Why do I own two accident prone horses?










She has rain rot on her back. She's been on flax seed and I was really hoping it would do the trick to not get rain rot, but it didn't. When I get some extra cash I'll try the cattle grade vitamin thing a few people on here have recommended. Thankfully it's scabby enough that I can curry it right off, so maybe I can ride soon. Shame it's suppose to rain all weekend.

*And in OTHER NEWS. - The Cutness

*We found kittens! 

There are two momma cats at our barn that we've been trying to catch (and failing.) They have kittens about twice a year. We catch them, tame them and rehome them. Or if they can't find homes, we get them fixed and they become new barn kitties. 

We weren't sure where this batch of kittens were for the longest time. Momma doesn't take very good care of them so we were concerned they might have died (natural selection isn't always a bad thing.) But there they were last night playing in the entrance of the hay shed.




















So cute!

I want the cream colored one. I may break my "No cats' rule and take her. 

There were four, but the other Momma cat stole one. We had to remove it since that cat didn't have anymore milk left. No idea why she took the baby, she's never done that before but she was carrying it around like a prize. So we took it early. 

The fun part will be catching them. Hopefully Momma will bring them down to the barn soon to show them where the cat food is, it'll be easier then digging through that wood pile. 

And I believe that's all from me today.



​


----------



## Drifting (Oct 26, 2011)

Darn it all, I am riding today.


It's been several weeks since I've been able to ride Luna. I didn't want to mess with her leg injury, but now I believe it's to a point where it won't jerk open if we do a little trotting. I don't plan on doing much, it'll be the 5th time I'm on her since I've owned her. Just walk, do some circles, some trotting. We're both out of shape. 

The biggest problem I have with her is she's very 'looky' and doesn't pay much attention to her rider. She's worried. But she is sweet and doesn't usually do anything but look around. Was going to ride yesterday but 30mph winds were a big no.











I'm looking forward to it. The only problem I have now is it gets dark so early, thank you time change. So I gotta pop out of work early enough to get a ride in.
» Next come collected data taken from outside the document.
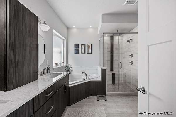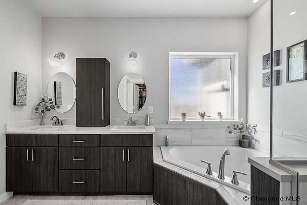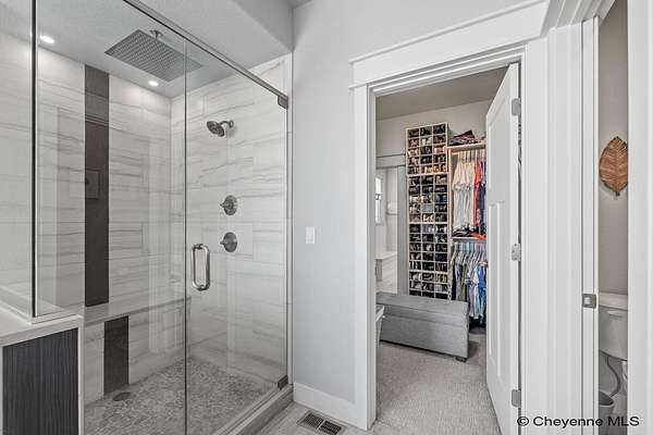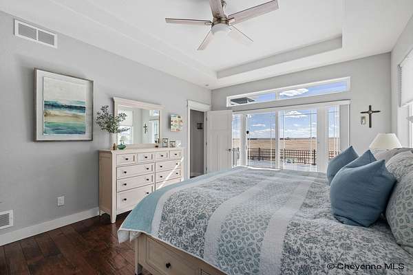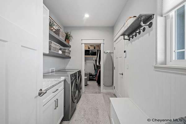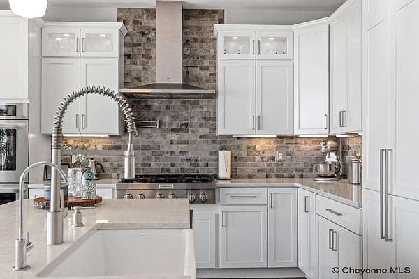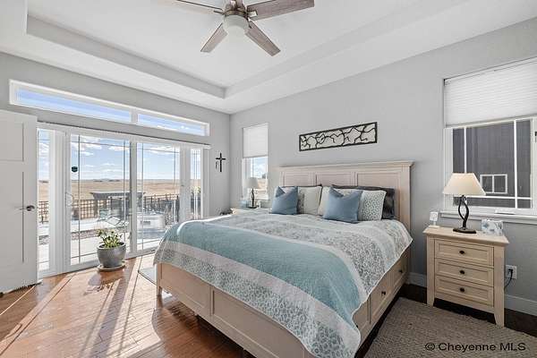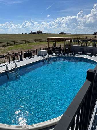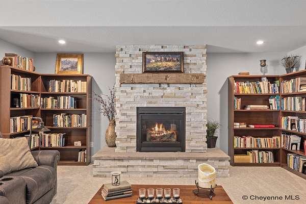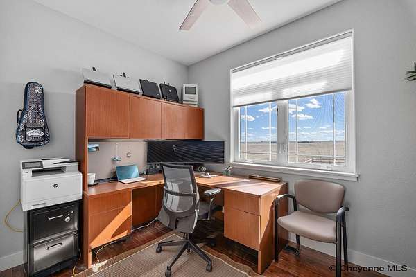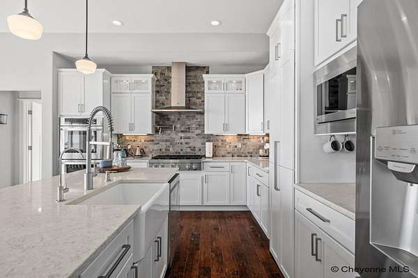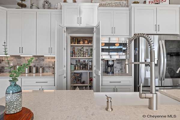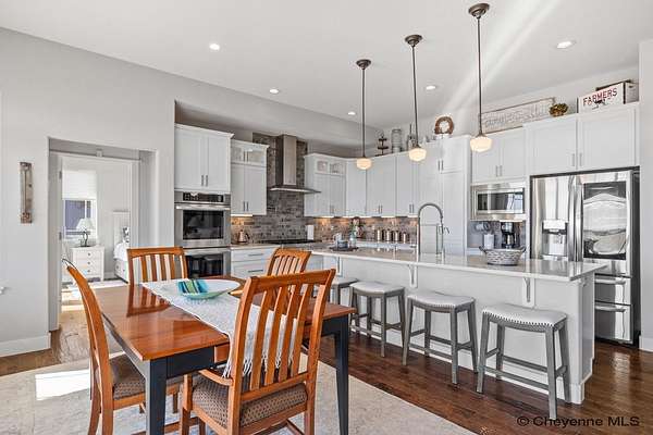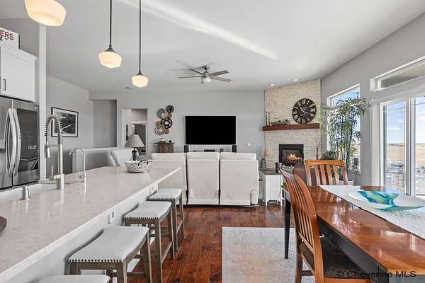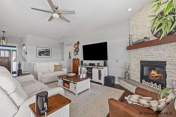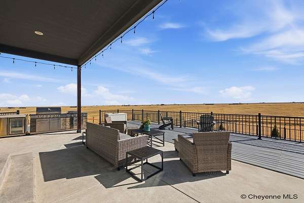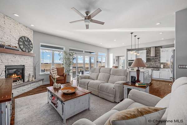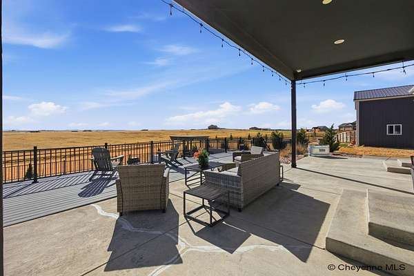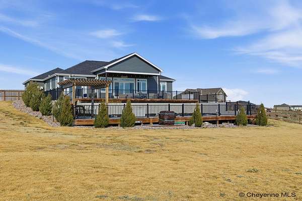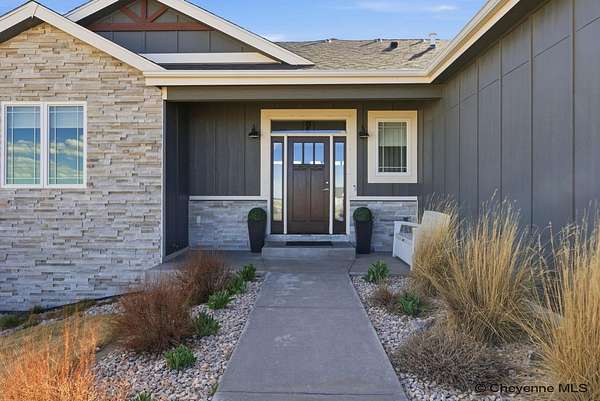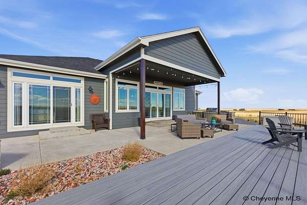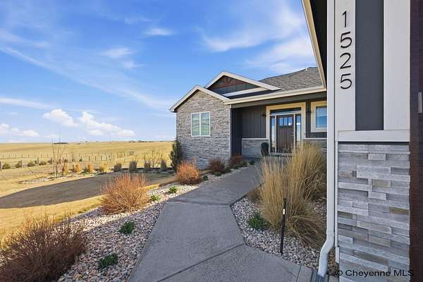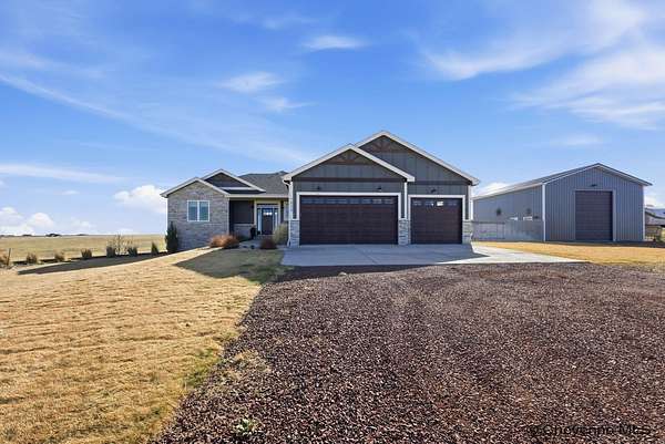 Stunning Custom Home on 5 Acres in Coveted Rocking Star Ranch! This one-owner, custom-built home showcases exceptional craftsmanship, luxury finishes, and a thoughtfully designed, energy-efficient floor plan. Featuring 6 bedrooms, 3 full bathrooms, and a spacious, oversized 3-car garage, this home offers the perfect blend of comfort, function, and high-end design in a desirable north location surrounded by rolling hills and expansive Wyoming and Colorado mountain views. The open-concept main level highlights 5-inch hickory hardwood floors, quartz countertops throughout, upgraded cabinetry, and artisan tile work. The chef’s kitchen is a true centerpiece with stainless steel appliances, a massive island, and a coveted hidden walk-in pantry with granite finishes. The Great Room features a custom stone fireplace with a hardwood mantle and flows seamlessly to a covered patio—ideal for enjoying breathtaking sunrises and sunsets. The luxurious primary suite offers a spa-like five-piece bath, generous closet space, and private outdoor access. Additional features include main-floor laundry, central A/C, Ply-Gem thermal windows, and a durable 50-year Malarkey roof. Outside, the fully landscaped 5-acre property is designed for both relaxation and function, featuring mature trees, sod, sprinkler and drip systems, RV parking with 30-amp service, and a gated, fully fenced layout with a separate dog yard. Enjoy summer days in the large, heated outdoor pool surrounded by Trex decking and an impressive pergola. The fully insulated outbuilding/pole barn with a 16’ door and opener provides excellent space for equipment, hobbies, or storage. The home also plumbed for whole-house generatioin with natural gas for added peace of mind. The walkout basement offers additional living space, a large family room with a second custom fireplace, and ample room for expansion or storage. Combining space, scenery, and modern luxury, this exceptional property is move-in ready and designed for Wyoming living at its finest.
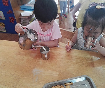 幼儿餐点活动是幼儿园一日生活中最基本的环节之一,它重在培养幼儿良好饮食习惯和进餐能力,对幼儿健康成长起着重要的作用。本学期,彩虹幼小班幼儿的自主生活实践与探索的活动中,选择了其中的自我服务早点的重点关注和突破的环节来开展。为此,我们以幼儿发展为本的理念为指导,从培养幼儿的自主性和能动性的需要出发,在幼儿点心活动上进行了一些探索尝试。
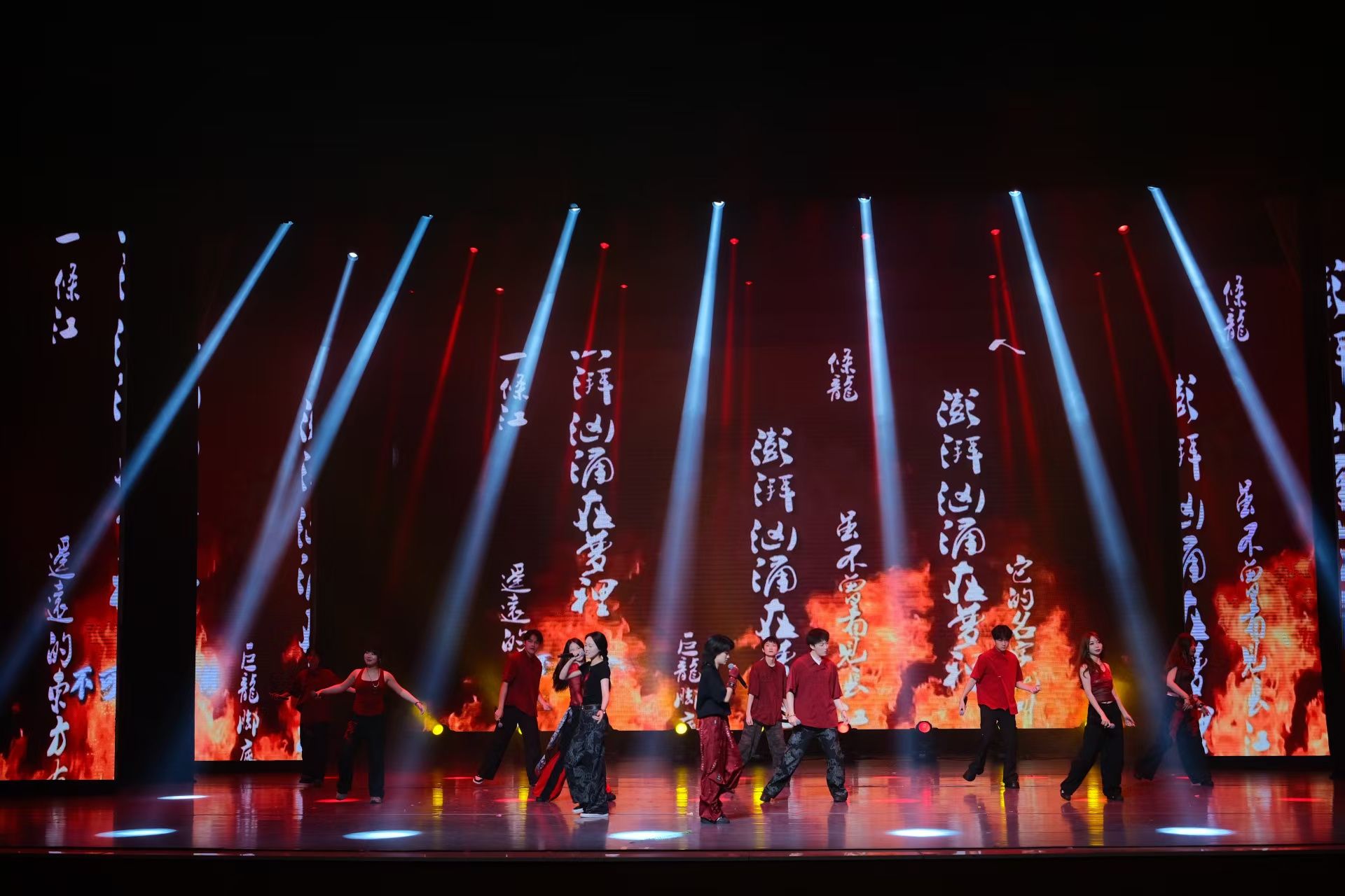 晚会以《古韵傩魂》《光影交织的梦》《龙》《咏春》等节目为亮点,构建起传统艺术现代表达的教学实践范本。国家级非遗傩舞通过互动表演打破舞台边界,让千年文化与当代观众零距离对话;原创微音乐剧《光影交织的梦》由学生自编自导,探讨非遗传承的守正创新命题;说唱节目《龙》将说唱音乐与龙纹图腾结合,以青年口吻诠释民族精神;《咏春》则突破性融合街舞与传统武术,展现中华武学的当代表达。本门《音乐艺术创新实践》课程通过“舞台创作-演出实践”的教学闭环,充分践行审核评估对实践教学的要求。
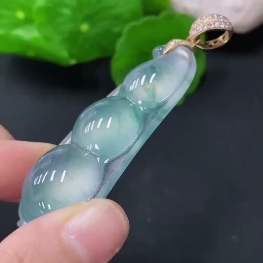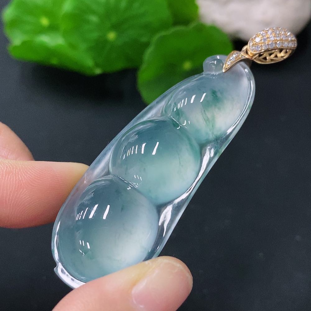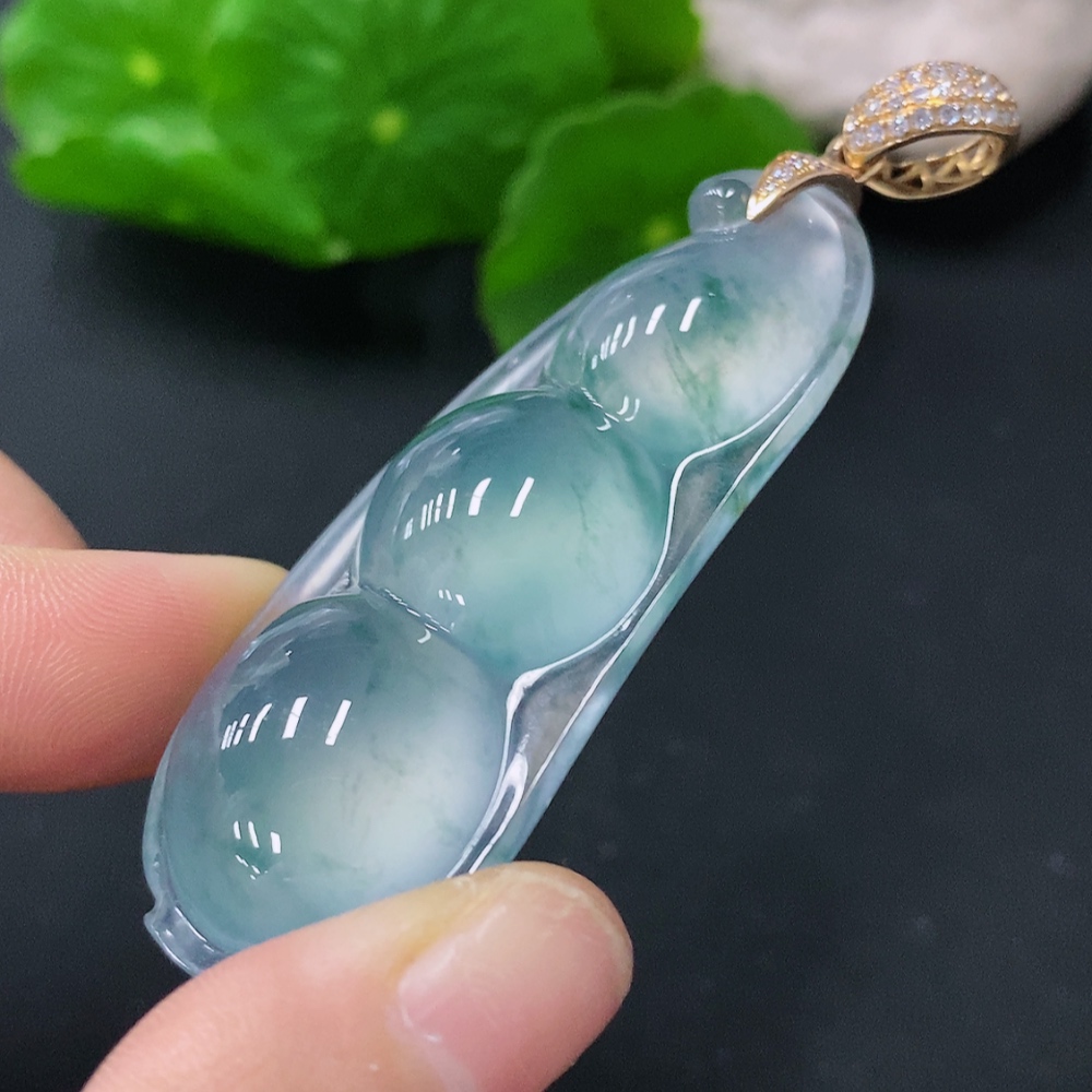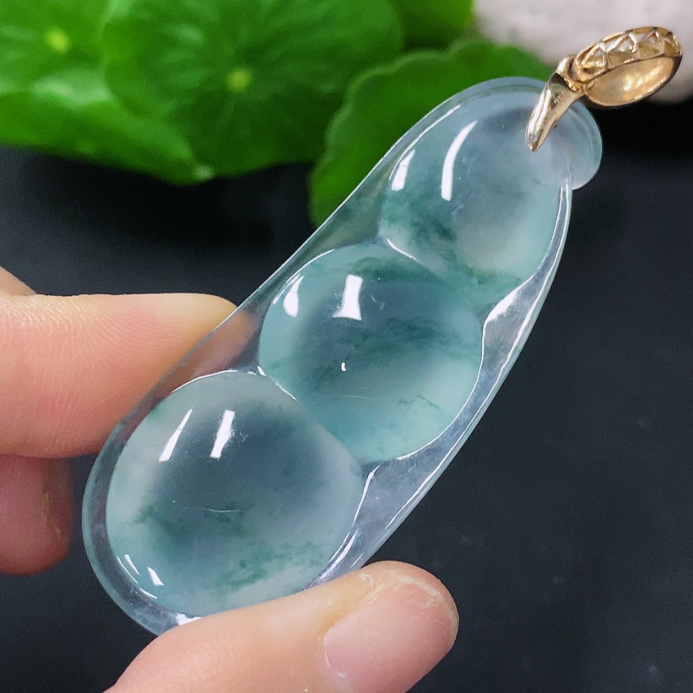 Jadeite Pendant Lucky Bean 18k Total Weight Approx. 20.4g
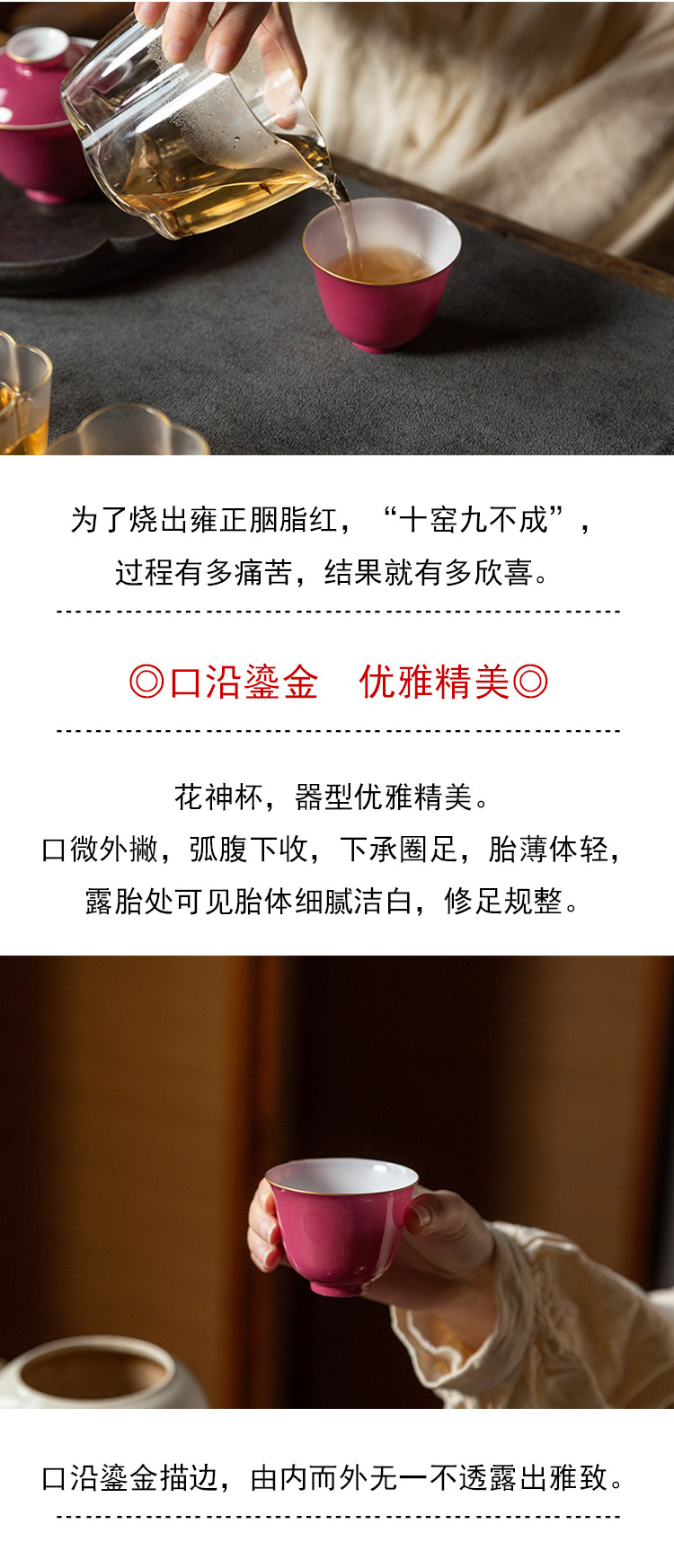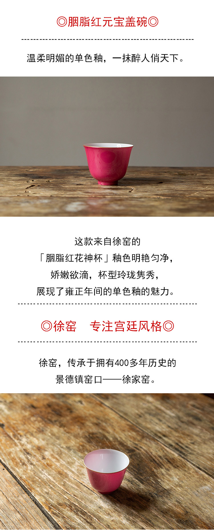 茶香记 徐窑 胭脂红花神杯 品茗杯 釉色娇艳 玲珑隽秀
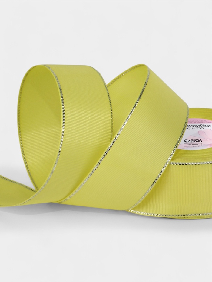 Лента репсовая, с серебряным люрексом, 40 мм, 23±1 м, жёлтая №015 — Характеристики
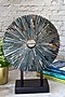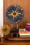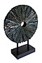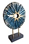 Made of resin, these sculptures consist of radiating spokes similar to the rays shining from the sun. Finished in blue with gold highlights, these art pieces are perfect for living areas.
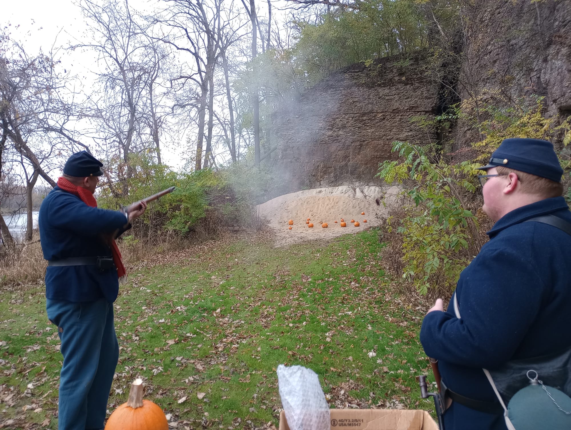 ROCKTON - Ryan Stallman demonstrating how to load and fire a Civil War era rifle Civil War
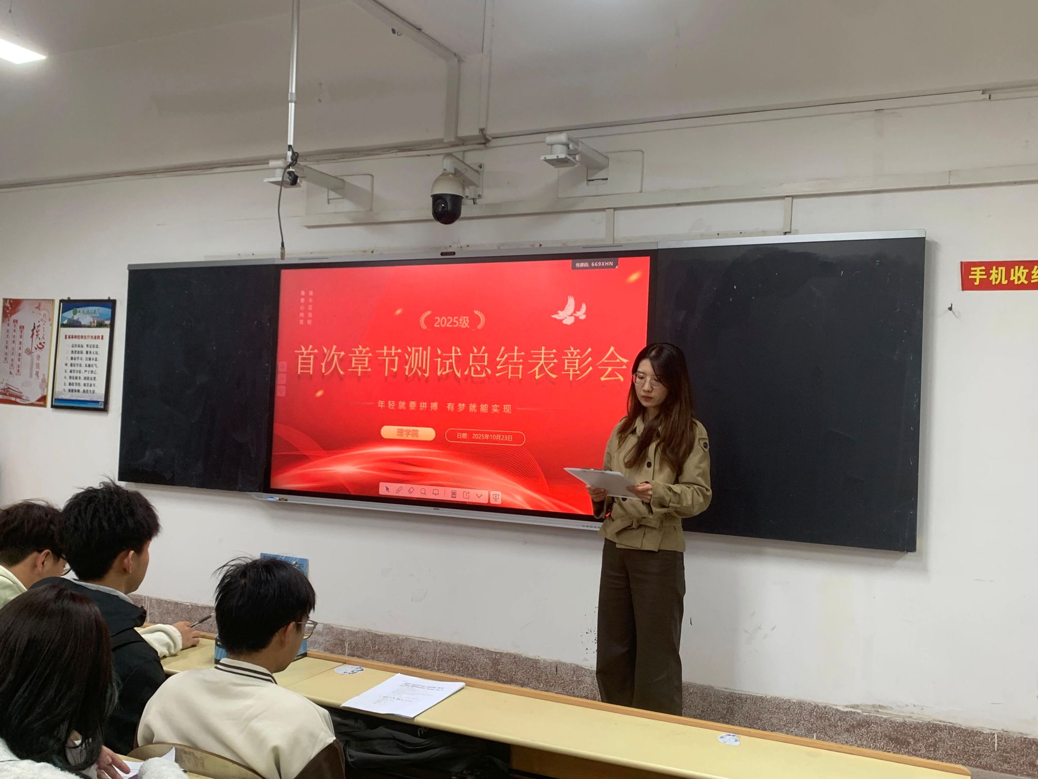 为对开学以来的学习情况进行阶段性总结,激励全体同学共同进步,10月23日,太阳成集团tyc122cc于3-207教室举办了2025级首次章节测试总结表彰会。会议由2025级辅导员段佳主持,公司党委副书记陈伟伯和2025级全体本科生参加活动。

Meanwhile, I'm getting pretty excited about Stryder. His wither is finally taller than my shoulder. I was getting worried there that he wasn't going to be big enough for me to ride, but he is still growing and I can't wait to see what he looks like come spring. This spring I'll be sending him off for 30 days, he hits 3 in March so I was debating sending him in April.

He is sooo fuzzy.


----------